DATA FOR THIS EXERCISE -
========

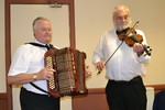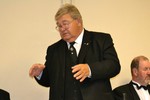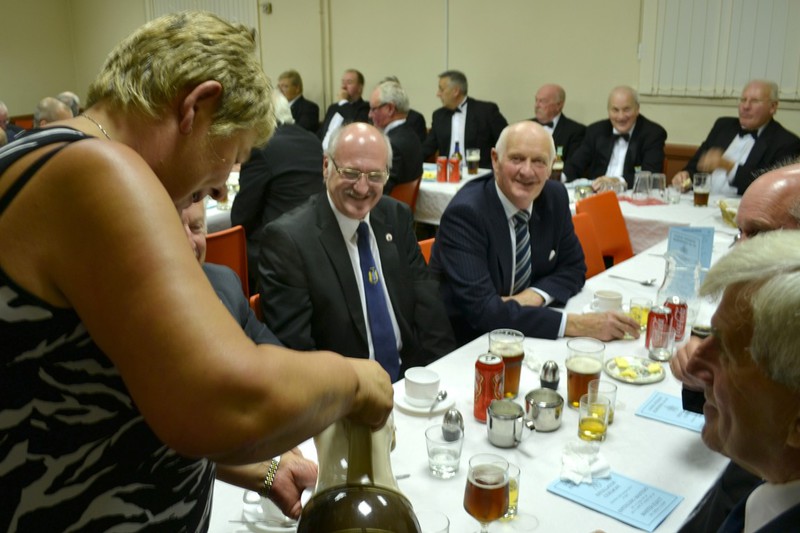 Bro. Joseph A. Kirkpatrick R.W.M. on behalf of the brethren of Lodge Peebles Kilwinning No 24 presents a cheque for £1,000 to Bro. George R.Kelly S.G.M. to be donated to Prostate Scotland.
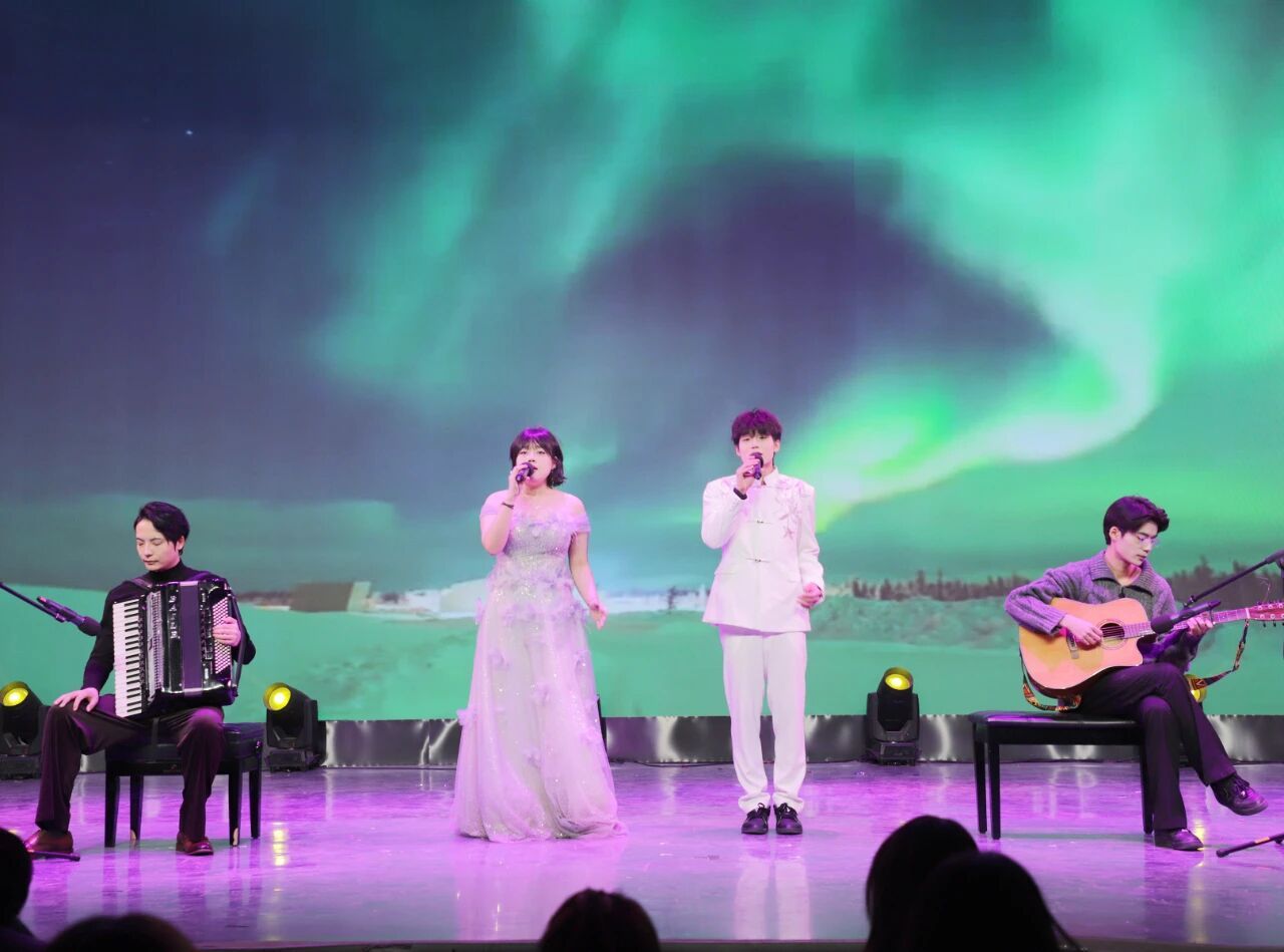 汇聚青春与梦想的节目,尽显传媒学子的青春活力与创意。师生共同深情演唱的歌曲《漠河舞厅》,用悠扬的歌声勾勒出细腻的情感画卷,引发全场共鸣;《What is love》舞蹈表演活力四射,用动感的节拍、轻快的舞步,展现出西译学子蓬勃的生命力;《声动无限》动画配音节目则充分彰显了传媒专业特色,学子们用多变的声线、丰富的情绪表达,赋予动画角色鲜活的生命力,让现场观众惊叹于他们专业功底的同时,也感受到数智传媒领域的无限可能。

========

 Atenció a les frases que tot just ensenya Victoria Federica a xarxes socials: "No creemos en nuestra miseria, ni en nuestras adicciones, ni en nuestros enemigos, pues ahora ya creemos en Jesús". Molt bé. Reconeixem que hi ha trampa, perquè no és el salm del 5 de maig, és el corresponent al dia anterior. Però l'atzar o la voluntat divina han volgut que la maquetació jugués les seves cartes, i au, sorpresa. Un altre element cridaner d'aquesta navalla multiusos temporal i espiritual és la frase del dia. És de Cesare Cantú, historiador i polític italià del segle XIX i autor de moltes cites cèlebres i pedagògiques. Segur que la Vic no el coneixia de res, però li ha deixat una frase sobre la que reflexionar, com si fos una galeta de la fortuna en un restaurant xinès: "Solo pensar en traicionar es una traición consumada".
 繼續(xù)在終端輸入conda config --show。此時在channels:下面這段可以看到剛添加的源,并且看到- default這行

========

Output, from the data above, the lines from the line with "Atenció a les" to the line with "config --show。此時在channels:下面這段可以看到剛添加的源,并且看到- default這行" exactly as they stand, both ends included and nothing else.

SOLUTION TO THIS TASK -
 Atenció a les frases que tot just ensenya Victoria Federica a xarxes socials: "No creemos en nuestra miseria, ni en nuestras adicciones, ni en nuestros enemigos, pues ahora ya creemos en Jesús". Molt bé. Reconeixem que hi ha trampa, perquè no és el salm del 5 de maig, és el corresponent al dia anterior. Però l'atzar o la voluntat divina han volgut que la maquetació jugués les seves cartes, i au, sorpresa. Un altre element cridaner d'aquesta navalla multiusos temporal i espiritual és la frase del dia. És de Cesare Cantú, historiador i polític italià del segle XIX i autor de moltes cites cèlebres i pedagògiques. Segur que la Vic no el coneixia de res, però li ha deixat una frase sobre la que reflexionar, com si fos una galeta de la fortuna en un restaurant xinès: "Solo pensar en traicionar es una traición consumada".
 繼續(xù)在終端輸入conda config --show。此時在channels:下面這段可以看到剛添加的源,并且看到- default這行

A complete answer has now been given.